Dear Alternative Investment Enthusiasts,

Let’s start with the elephant in the room. As I’m sure you heard by now, 3 US banks have closed their doors or gone under government control within a short period of time: Silvergate Bank, Silicon Valley Bank, and Signature Bank.

While these banks had varying business models, all 3 were involved in the crypto space in some way. Silvergate and Signature Bank were both popular on-/off-ramp banks used by, for example, crypto exchanges to move money from the “fiat” world into the crypto world, and vice versa. In the case of Silicon Valley Bank, it was one of the banks used by the USDC stablecoin (by Circle).
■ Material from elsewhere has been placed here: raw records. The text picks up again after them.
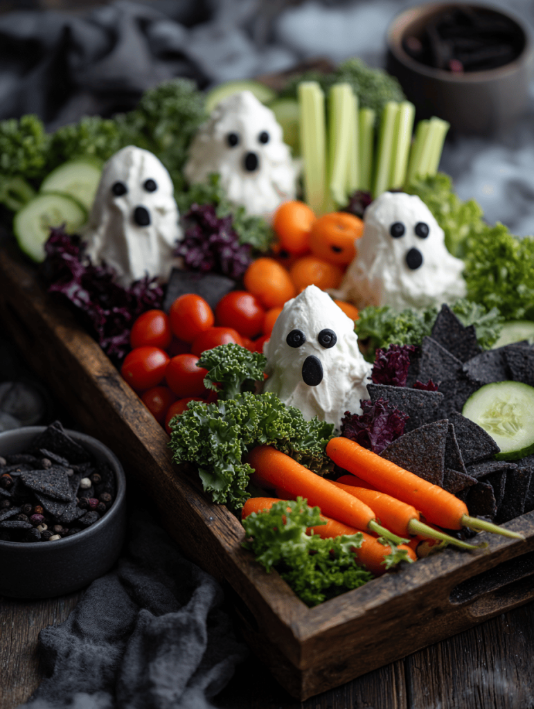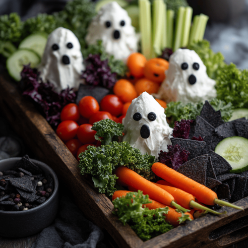 Sometimes, I get tired of the usual candy and pumpkin-shaped treats. This veggie platter feels like a quiet rebellion—no fuss, no sugar crash, just fresh, crunchy vegetables dressed up with a little creative flair. Plus, it’s perfect for sneaking in some greens while still having fun scaring the kids (and adults) with ghostly shapes.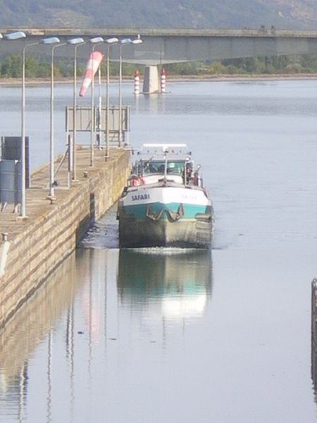 Ce 38 m est regulierement sur le Rhone, pavillon Allemand.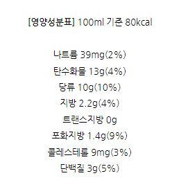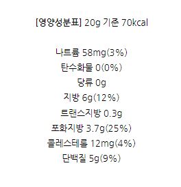 | 영양성분 (영양성분 표시대상 식품에 한함) | 상세정보 별도표기 |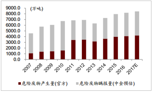 ? ? 危廢生產量逐年上升,從 2011 年的 3,431.2 萬噸上升到 2015 年的 3,976.1 萬噸,復合增長率約為 3%。但是需要注意的是《統計公報》采用的是企業申報的方法,因此我們認為這個數據遠遠低于真實情況。最直接的對比就是《第一次全國污染源普查公告》中統計的 2007 年工業危廢產生量為4,573.69 萬噸,遠遠高于當年環保部公布的 1,079 萬噸。 2011 年,環保部大幅修改統計口徑,擴大申報范圍,當年《統計公報》披露危廢產生量 3,431 萬噸相比 2010 年 1,586萬噸上升一倍有余。即使在這樣的情況下,該數據依舊遠遠小于《普查公告》數據。我們根據工業增加值的增長來估計實際危廢產生量, 2007 年工業增加值約為 11.16 萬億。2016 年工業增加值上升到 24.79 萬億,復合增長率約為 9.26%。如果考慮到企業減排和循環利用的因素,我們適當調低危廢產生增速, 2016 年我們預期的危廢實際產生量也達到了 8100 萬噸。行業內普遍預期實際產生量應該在 1 億噸/年。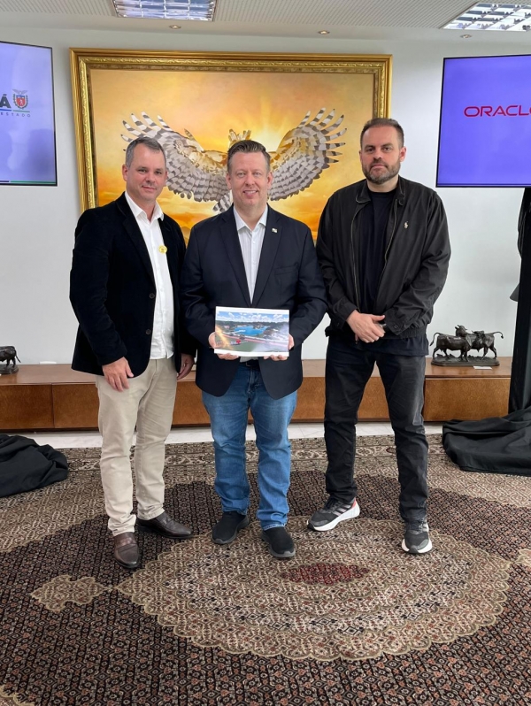 Quatro Pontes, 23 de outubro de 2025 – O prefeito de Quatro Pontes, Cesar Seidel (Canela), esteve na tarde de quarta-feira (22) em Curitiba para apresentar o projeto de construção do Lago Municipal de Quatro Pontes ao Governo do Estado do Paraná. A reunião foi realizada com o chefe de gabinete do governador, Darlan Scalco, e contou com a intermediação do deputado estadual Hussein Bakri, líder do governo na Assembleia Legislativa, além do acompanhamento do assessor parlamentar Emmanuel Gabardo Taques.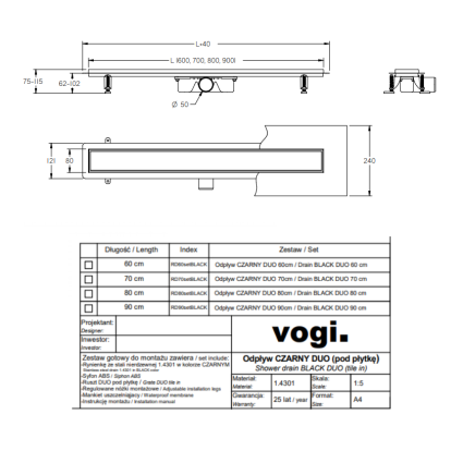 Γραμμικό σιφόνι ντουζιέρας ,με μήκος 60 cm σε μαύρο χρώμα.Πρόκειται για ένα σιφόνι με ανοξείδωτο σώμ..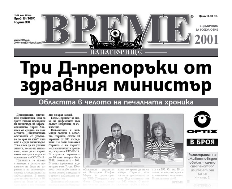 Вижте кои са актуалните теми, намерили място в брой 15 на вестник „Време 2001“: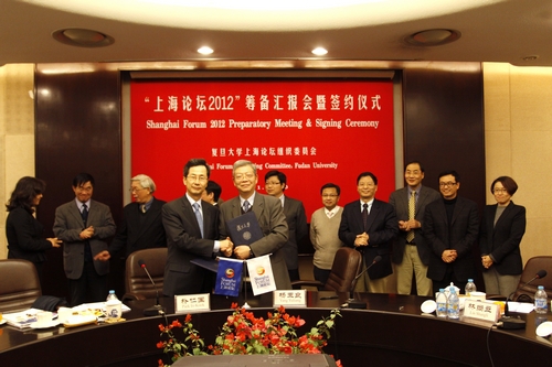 2011年12月20日下午,上海论坛2012签约仪式在复旦大学举行。校长杨玉良教授、韩国高等教育财团事务总长朴仁国出席了签约仪式并致辞。复旦大学副校长林尚立进行了主题阐释。会议由上海论坛组织委员会秘书长陈寅章主持,上海论坛组委会委员、论坛专家委员会委员等出席了发布会。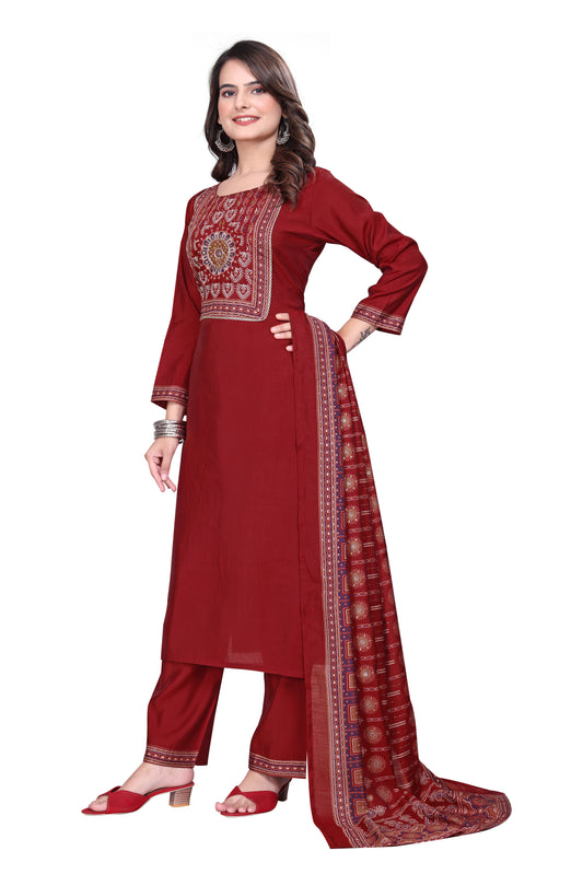 Designer 3 Piece Printed Salwar Suit Set – Deep Wine Red Tone Kurta, Pant & Dupatta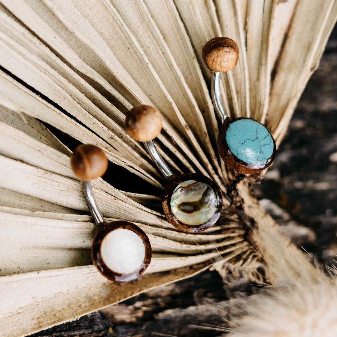 Wooden belly button jewelry inspired by nature with an incorporated healing stone. You can also...

Uncertainty around these deposits with Silicon Valley Bank led to a de-pegging of the stablecoin over the weekend, from which it has since recovered.

What triggered this downfall? Simply put, a bank run. However, each bank had its own combination of issues involving business models, poor management decisions, duration mismatching of lending/deposits, and stronger than anticipated interest rate hikes, all of which came to surface through the bank run.

Within our portfolio, we have one fund which has a small single-digit % of their funds with Signature Bank used for their US clients. This is less than 1% across the portfolio, therefore not having any material effect. The US government has since stepped in to make sure the depositors stay whole.


Here in Switzerland we had our own challenges with Credit Suisse experiencing a volatile week, which required the Swiss National Bank to get involved and extend a USD 50 billion loan to the bank.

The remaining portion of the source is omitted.